(Instructions for the task)
Everything from the line containing "Achtung: In anderen" to the last line of the listing below should be restated exactly, both ends included, with nothing added and the pictures omitted.

Start of Data extract

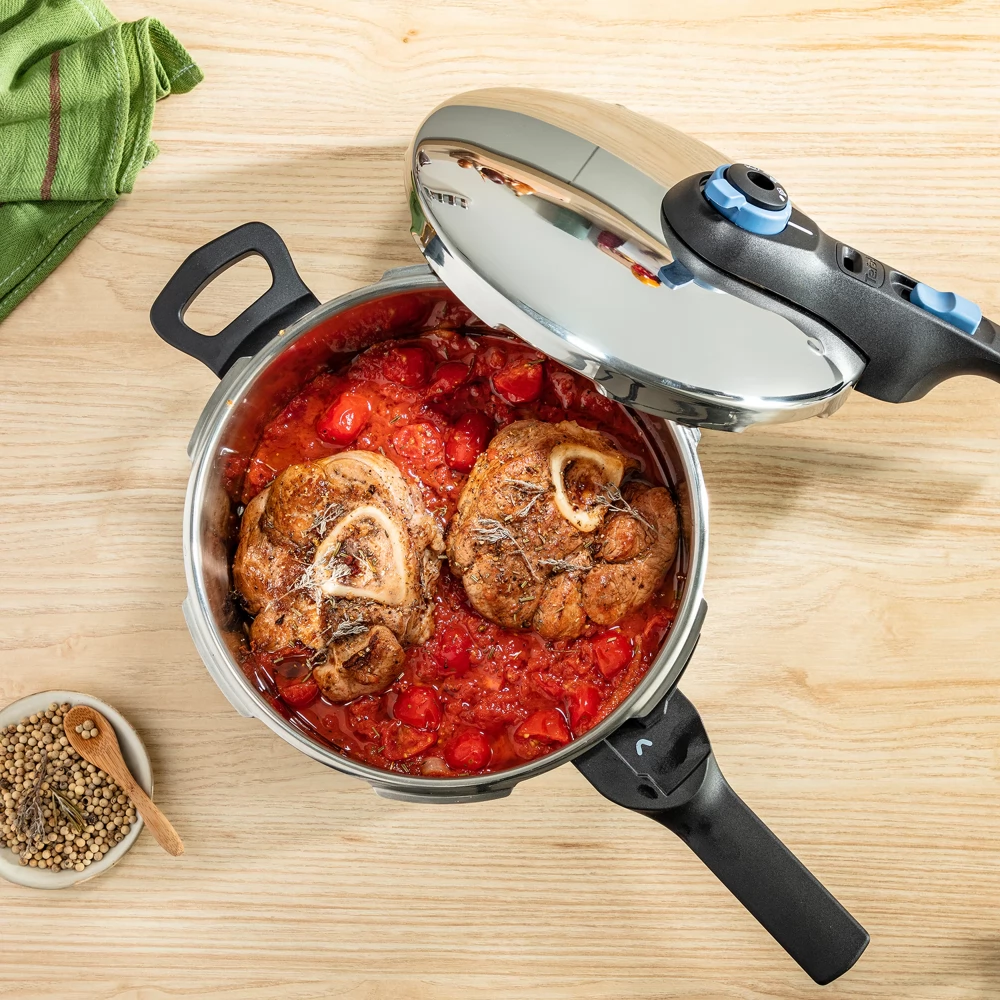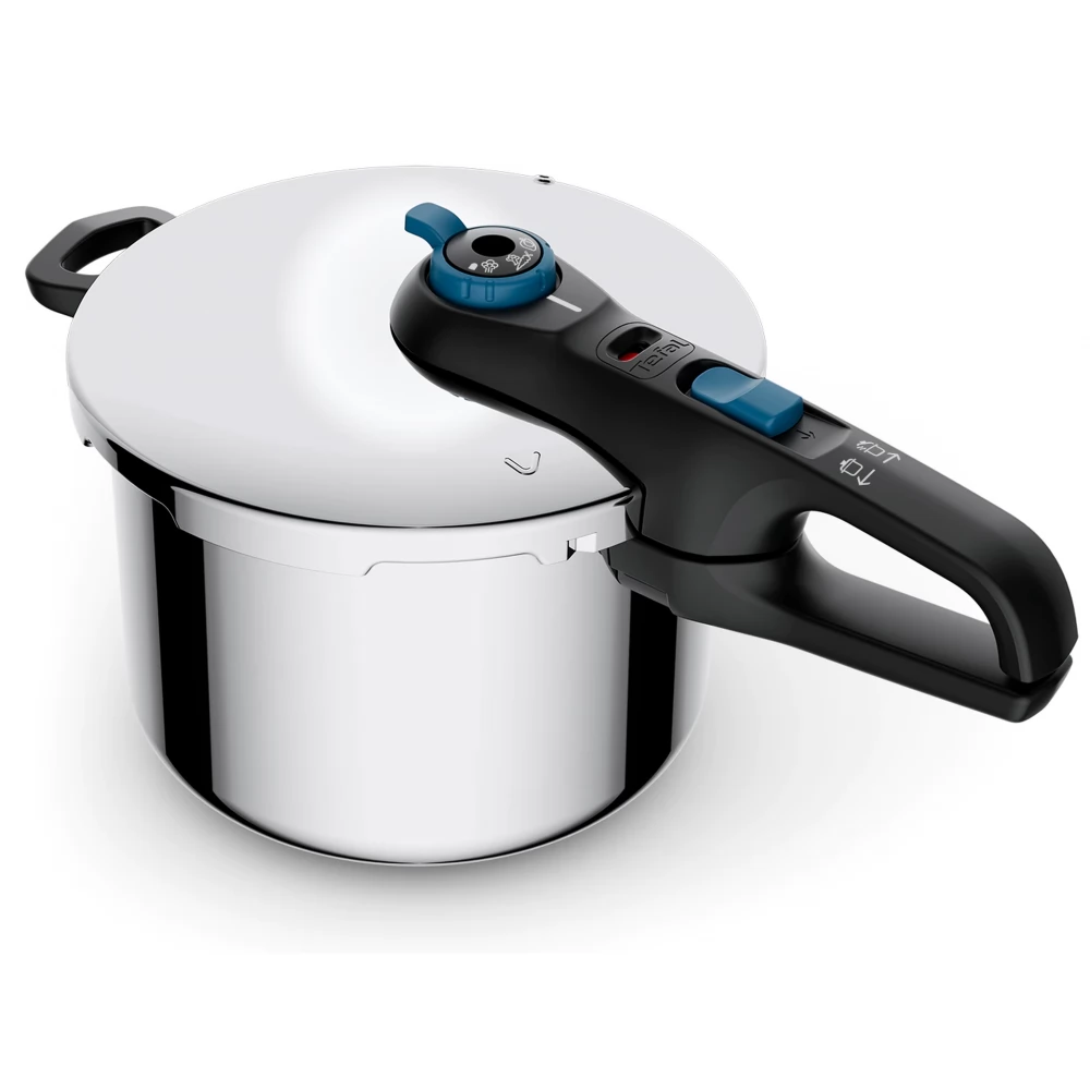 Fast and modern cooker Cook stylish meals quickly! The Tefal Secure Trendy cooker is characterized by a stylish design in colorful shades, so it can be a perfect addition to your kitchen! Cook up to twice as fast* and use one of the two cooking programs to optimize the cooking process – one for nutrient-packed vegetables and one for lightning-fast preparation of tender meats. The Secure Trendy cooker is designed to really withstand anything. The 5-stage safety system ensures complete peace of mind and is fully compatible with all stoves, including induction.
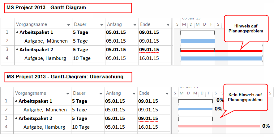 Achtung: In anderen Ansichten wie z.B. Gantt-Diagramm: Überwachung bzw. in älteren MS Project Versionen (z.B. 2010) gibt es keinen optischen Hinweis im Balkendiagramm.
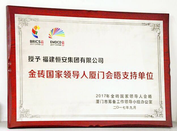 会议期间,维多利亚老品牌vic集团提供了“心相印”等高品质产品,鼎力支持大会的举行。昨日,2017年金砖国家领导人会晤厦门市筹备工作领导小组办公室隆重授予维多利亚老品牌vic集团“金砖国家领导人厦门会晤制定产品”证书以及感谢信。
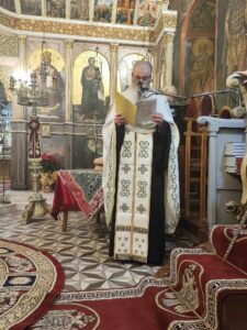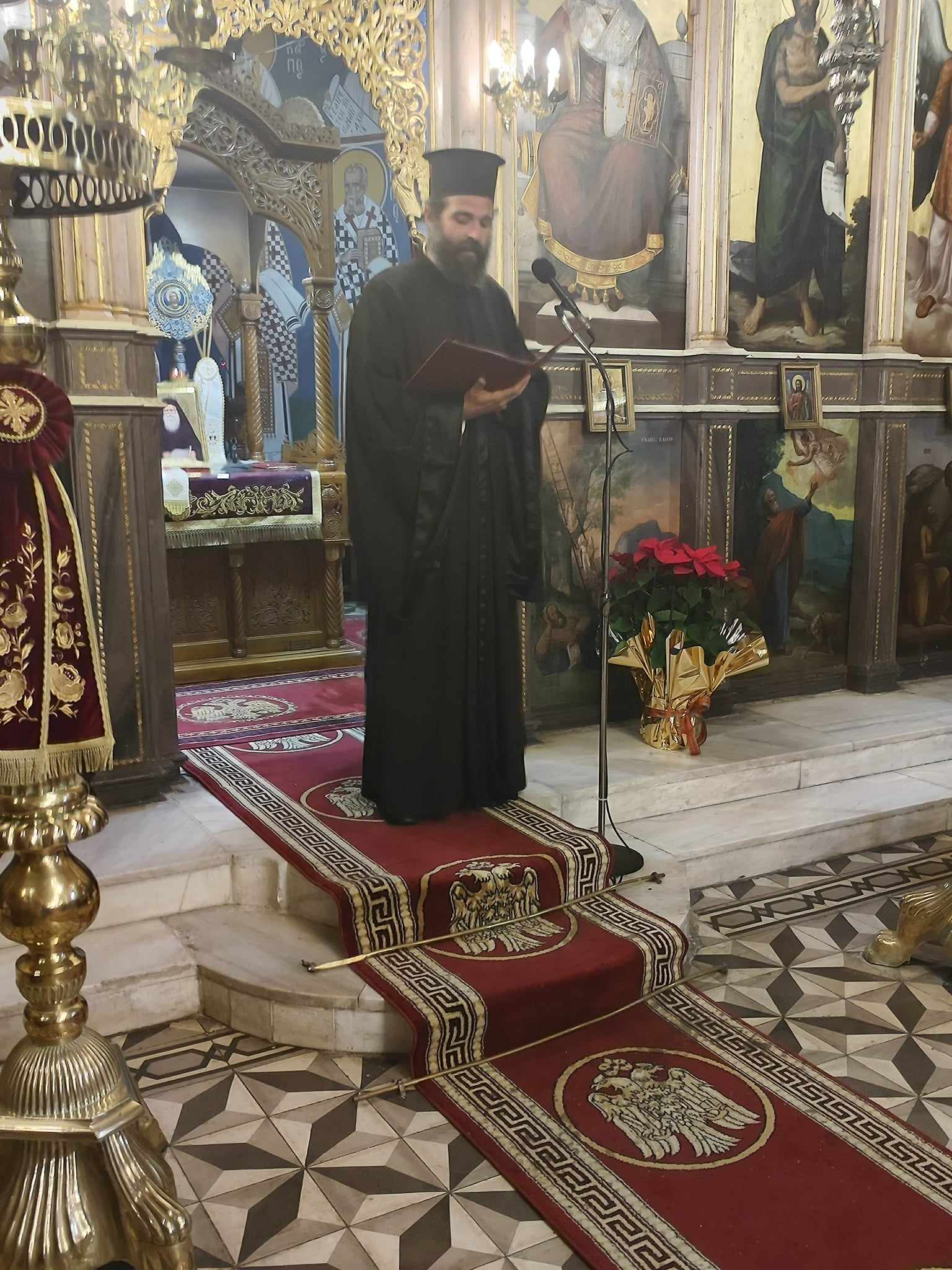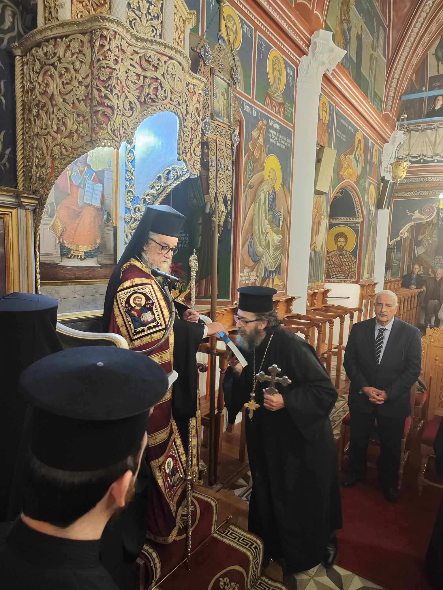 Επίκαιρο λόγο εκ μέρους του Ιερού κλήρου και του λαού εκφώνησε και απηύθυνε τις προσήκουσες ευχές προς τον Σεβασμιώτατο ο Οικονόμος π. Δημήτριος Σκαρβελάκης.

End of Data extract

(Exercise solution)
 Achtung: In anderen Ansichten wie z.B. Gantt-Diagramm: Überwachung bzw. in älteren MS Project Versionen (z.B. 2010) gibt es keinen optischen Hinweis im Balkendiagramm.
 会议期间,维多利亚老品牌vic集团提供了“心相印”等高品质产品,鼎力支持大会的举行。昨日,2017年金砖国家领导人会晤厦门市筹备工作领导小组办公室隆重授予维多利亚老品牌vic集团“金砖国家领导人厦门会晤制定产品”证书以及感谢信。
 Επίκαιρο λόγο εκ μέρους του Ιερού κλήρου και του λαού εκφώνησε και απηύθυνε τις προσήκουσες ευχές προς τον Σεβασμιώτατο ο Οικονόμος π. Δημήτριος Σκαρβελάκης.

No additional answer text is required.